Tıbbın bir de sosyal bir yüzü var çoğu zaman dile getirmediğimiz. İnsanı konu alması ve insana hizmet etmesi açısından “insan’’ odaklı bir meslek bu. Bu sebepten ötürü bir hekim; tıp, tıbbın felsefesi gibi konuları öğrenirken bir yandan da sosyoloji, psikoloji disiplinleriyle ilgili de çokça bilgi sahibi oluyor. EQ dediğimiz duygusal zeka bir hekime en gerekli özelliklerden biri aynı zamanda. Tüm bunların harmanlanmasıyla tıp ilminin hakkı veriliyor.

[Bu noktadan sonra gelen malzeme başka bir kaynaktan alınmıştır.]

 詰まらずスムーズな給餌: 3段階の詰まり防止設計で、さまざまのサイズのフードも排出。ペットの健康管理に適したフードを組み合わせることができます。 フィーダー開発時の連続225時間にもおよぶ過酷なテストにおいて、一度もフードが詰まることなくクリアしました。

Peki girişimcilik bunun neresinde?
Girişim; bir filtre. Girişim; bir gözlük. Bunu kullanan yahut takan kişinin hayat algısı değişiyor. İki farklı kavramı sentezleyip, bu kurduğunuz bağdan bir gelir modeli elde edebilme halinizi girişim olarak adlandırmak mümkün. Özellikle tıbbın insan merkezli bir alan olması ile girişimin hele de sosyal girişimin insana ve topluma fayda sağlayan çözümler üretmesi arasında sağlam bir bağ kurmanın çok mümkün ve değerli olduğunu düşünüyorum. İkisinin de özünün aynı amaca hizmet ettiğini düşünmeden edemiyor insan. Bir de işin mutfağına girdiğiniz zaman tıbbı hem diğer birçok alana entegre edebileceğinizi hem de kendi içinde araştırma-geliştirmesi bol bir bölüm olduğunu görüyorsunuz. Antropoloji,sosyoloji,psikoloji gibi sosyal bilimler ile mühendislik gibi fenni bilimlerin, teknolojinin tıp ile birbirine geçmiş, oldukça grift mekanizmalar olduğunu fark ediyorsunuz.

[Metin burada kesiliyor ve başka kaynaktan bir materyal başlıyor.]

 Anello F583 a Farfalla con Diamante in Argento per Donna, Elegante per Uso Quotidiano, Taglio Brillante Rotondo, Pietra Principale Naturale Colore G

Gerçek bir girişimci bu bakış açısını kaybetmediği takdirde her alanda başarılacak, el atılacak, girişilecek ve üretilecek bir değer bulacaktır. Yeter ki gördüklerimizin özünü, felsefesini ve mekanizmasını özümseyip, değer üstüne değer katmayı düstur edinelim. Girişim kendini zaten meydana getirecektir.